___ Data records
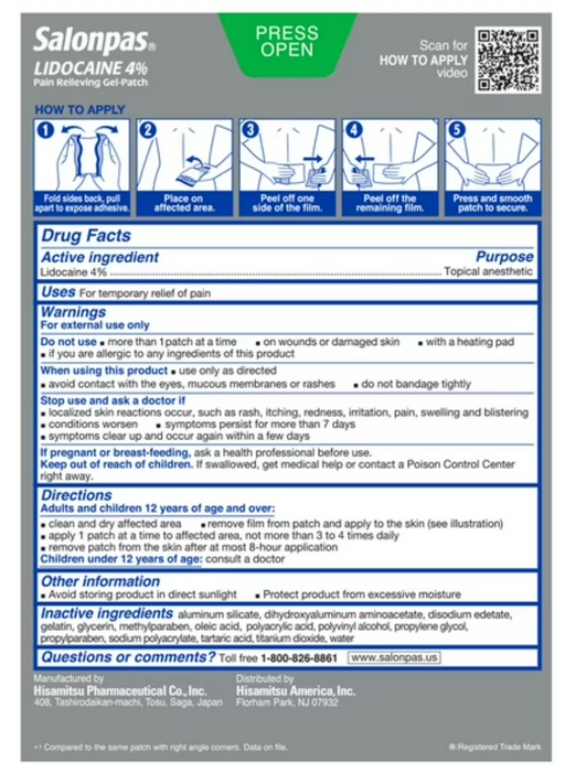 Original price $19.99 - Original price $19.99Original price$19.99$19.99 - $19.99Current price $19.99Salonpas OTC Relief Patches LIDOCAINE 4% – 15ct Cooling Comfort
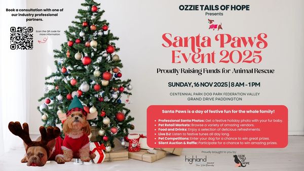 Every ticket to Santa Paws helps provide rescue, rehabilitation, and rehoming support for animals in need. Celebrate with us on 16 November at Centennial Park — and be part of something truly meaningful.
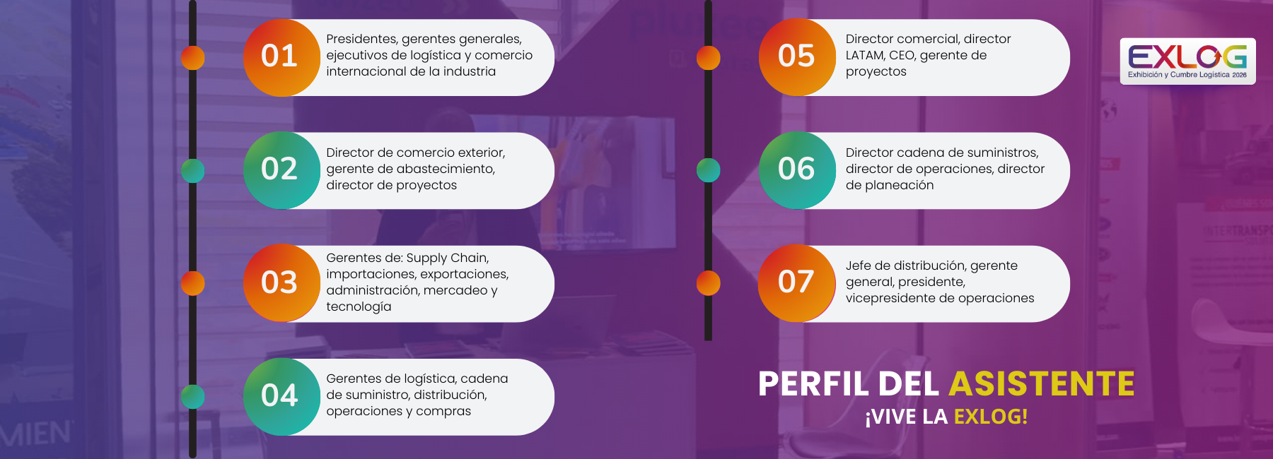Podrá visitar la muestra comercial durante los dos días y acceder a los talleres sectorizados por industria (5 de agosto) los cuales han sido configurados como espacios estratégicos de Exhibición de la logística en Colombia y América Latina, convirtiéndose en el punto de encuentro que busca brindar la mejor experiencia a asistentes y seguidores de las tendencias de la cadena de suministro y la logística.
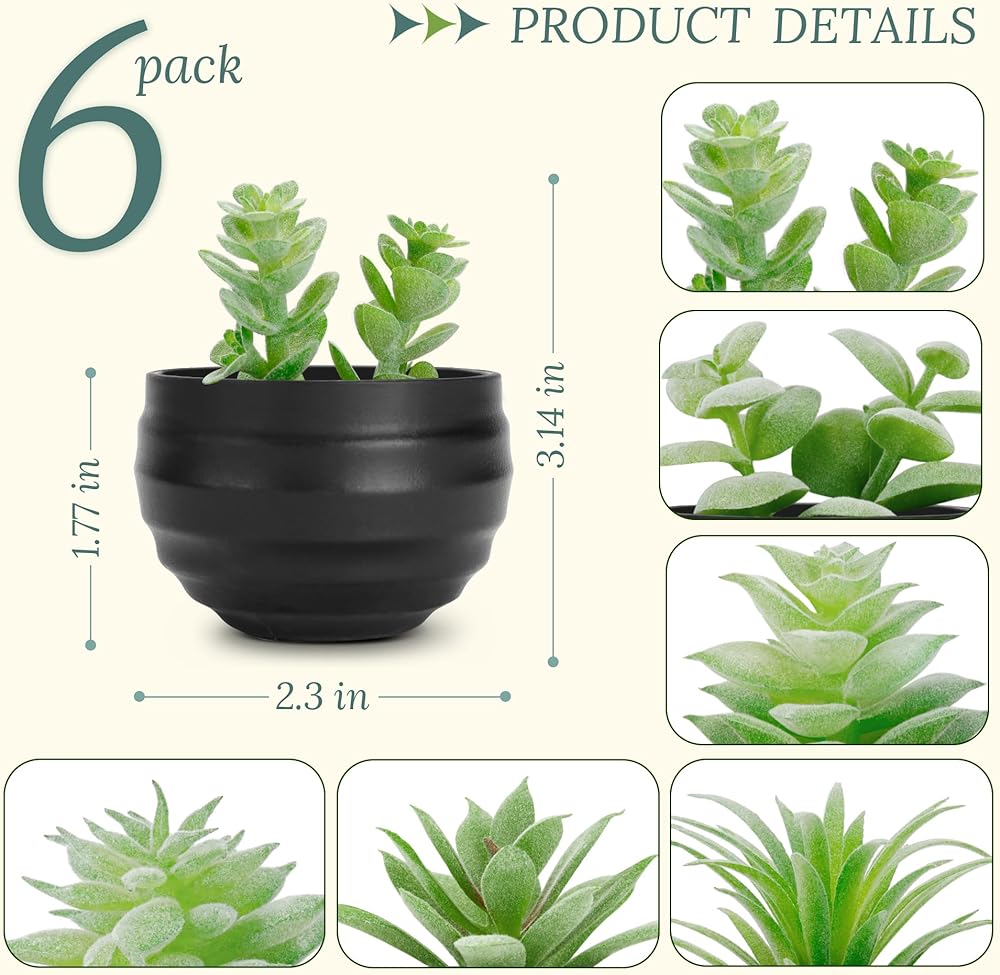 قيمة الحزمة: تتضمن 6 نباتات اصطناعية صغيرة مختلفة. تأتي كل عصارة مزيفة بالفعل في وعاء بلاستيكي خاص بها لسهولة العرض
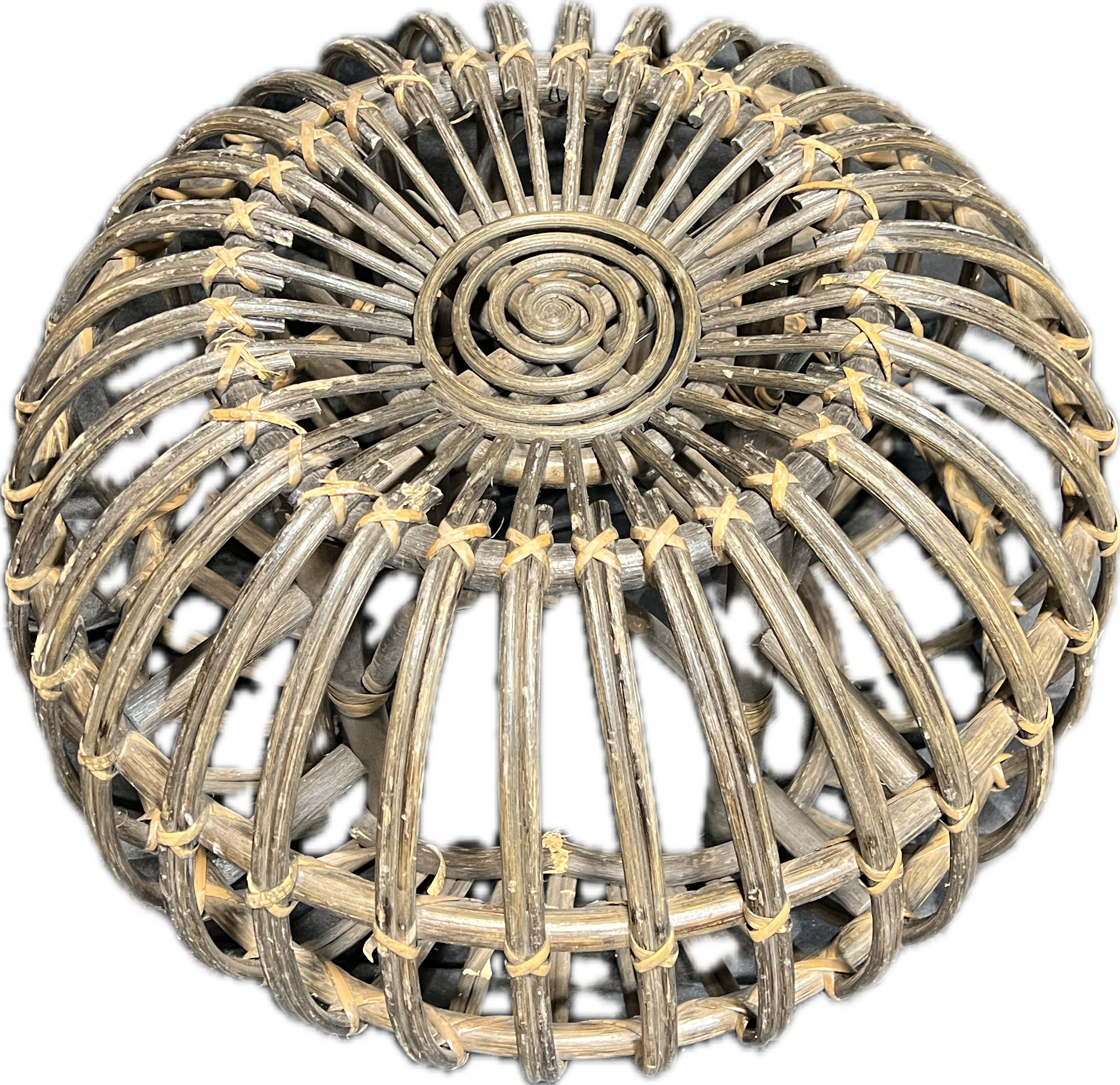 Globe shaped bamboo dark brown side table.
______
**Assigned task:** Would you copy out every line of the data above exactly, minus the pictures?

**Answer to this task:**
 Original price $19.99 - Original price $19.99Original price$19.99$19.99 - $19.99Current price $19.99Salonpas OTC Relief Patches LIDOCAINE 4% – 15ct Cooling Comfort
 Every ticket to Santa Paws helps provide rescue, rehabilitation, and rehoming support for animals in need. Celebrate with us on 16 November at Centennial Park — and be part of something truly meaningful.
Podrá visitar la muestra comercial durante los dos días y acceder a los talleres sectorizados por industria (5 de agosto) los cuales han sido configurados como espacios estratégicos de Exhibición de la logística en Colombia y América Latina, convirtiéndose en el punto de encuentro que busca brindar la mejor experiencia a asistentes y seguidores de las tendencias de la cadena de suministro y la logística.
 قيمة الحزمة: تتضمن 6 نباتات اصطناعية صغيرة مختلفة. تأتي كل عصارة مزيفة بالفعل في وعاء بلاستيكي خاص بها لسهولة العرض
 Globe shaped bamboo dark brown side table.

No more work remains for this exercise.